◆ **Dataset content**:
◆ ◆ ◆ ◆ ◆ ◆ ◆
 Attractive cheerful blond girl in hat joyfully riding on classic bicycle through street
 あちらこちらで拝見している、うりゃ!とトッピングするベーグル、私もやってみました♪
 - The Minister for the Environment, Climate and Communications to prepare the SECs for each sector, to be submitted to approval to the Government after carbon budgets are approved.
◆ ◆ ◆ ◆ ◆ ◆ ◆
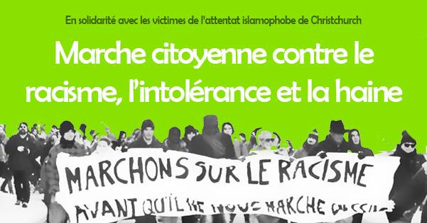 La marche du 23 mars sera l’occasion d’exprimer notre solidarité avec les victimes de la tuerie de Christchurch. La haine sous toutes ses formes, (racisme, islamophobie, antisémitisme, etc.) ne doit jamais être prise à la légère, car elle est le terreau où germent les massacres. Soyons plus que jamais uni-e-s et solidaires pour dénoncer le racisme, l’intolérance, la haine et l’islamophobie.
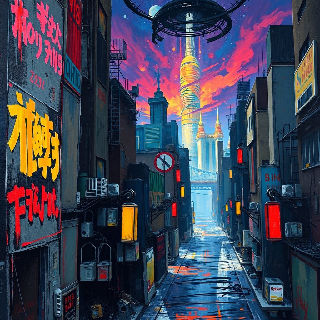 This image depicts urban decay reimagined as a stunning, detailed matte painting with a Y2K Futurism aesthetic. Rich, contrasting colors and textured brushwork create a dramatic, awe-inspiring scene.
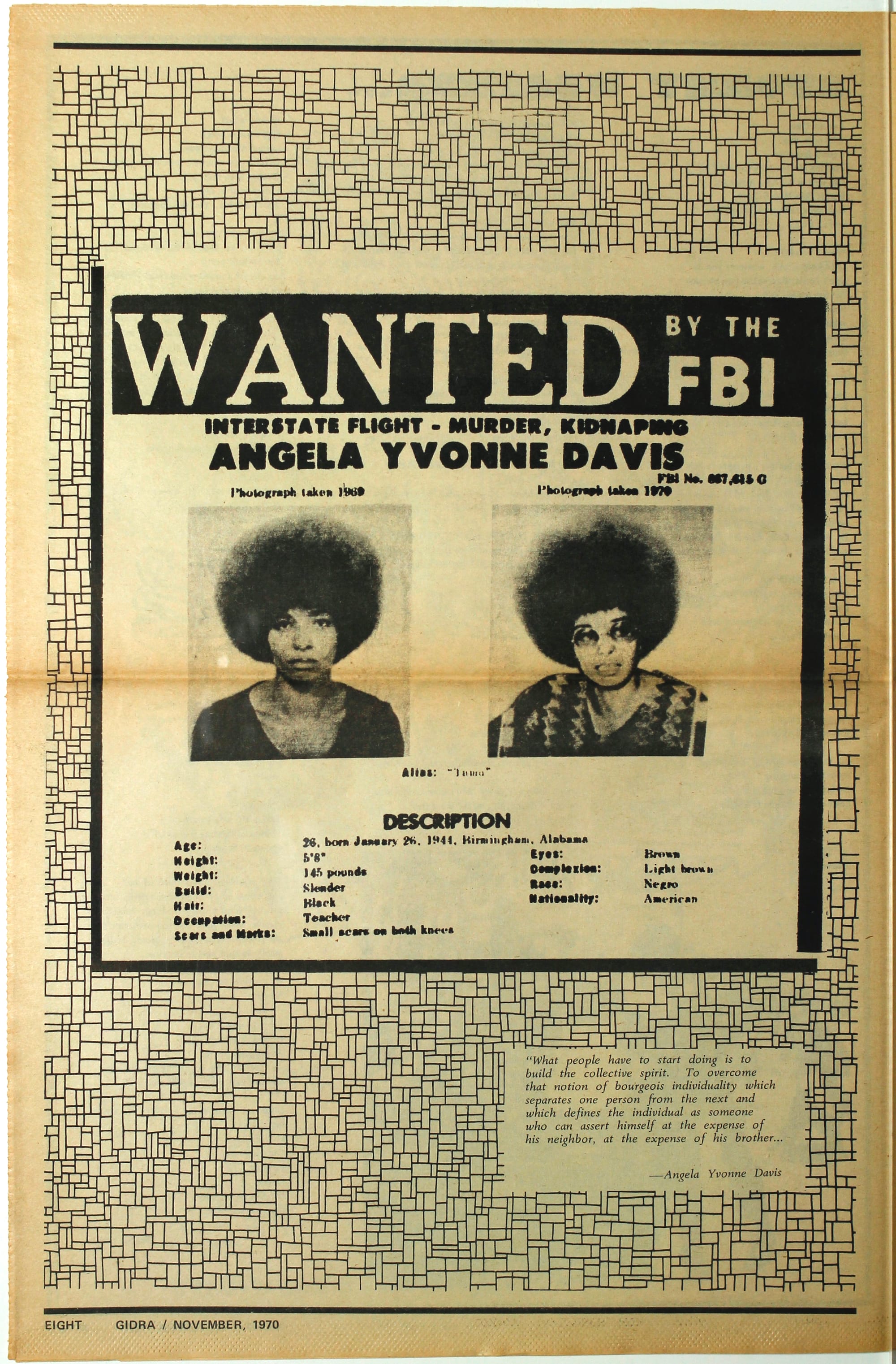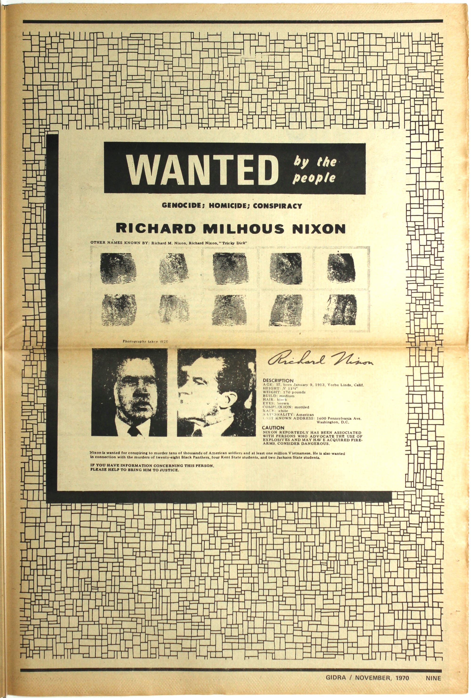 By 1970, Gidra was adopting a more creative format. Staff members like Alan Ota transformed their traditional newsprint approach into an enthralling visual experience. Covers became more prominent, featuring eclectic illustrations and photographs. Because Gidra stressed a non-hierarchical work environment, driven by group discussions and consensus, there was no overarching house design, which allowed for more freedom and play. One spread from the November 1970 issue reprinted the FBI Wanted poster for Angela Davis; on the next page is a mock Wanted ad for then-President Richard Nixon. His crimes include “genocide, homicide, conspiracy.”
◆ ◆ ◆ ◆ ◆ ◆ ◆
◆ **What to do**: Set down word for word the lines above from the one with "This image depicts" up to and including the one with "By 1970, Gidra". Omit every picture.

◆ **Response to the exercise**:
 This image depicts urban decay reimagined as a stunning, detailed matte painting with a Y2K Futurism aesthetic. Rich, contrasting colors and textured brushwork create a dramatic, awe-inspiring scene.
 By 1970, Gidra was adopting a more creative format. Staff members like Alan Ota transformed their traditional newsprint approach into an enthralling visual experience. Covers became more prominent, featuring eclectic illustrations and photographs. Because Gidra stressed a non-hierarchical work environment, driven by group discussions and consensus, there was no overarching house design, which allowed for more freedom and play. One spread from the November 1970 issue reprinted the FBI Wanted poster for Angela Davis; on the next page is a mock Wanted ad for then-President Richard Nixon. His crimes include “genocide, homicide, conspiracy.”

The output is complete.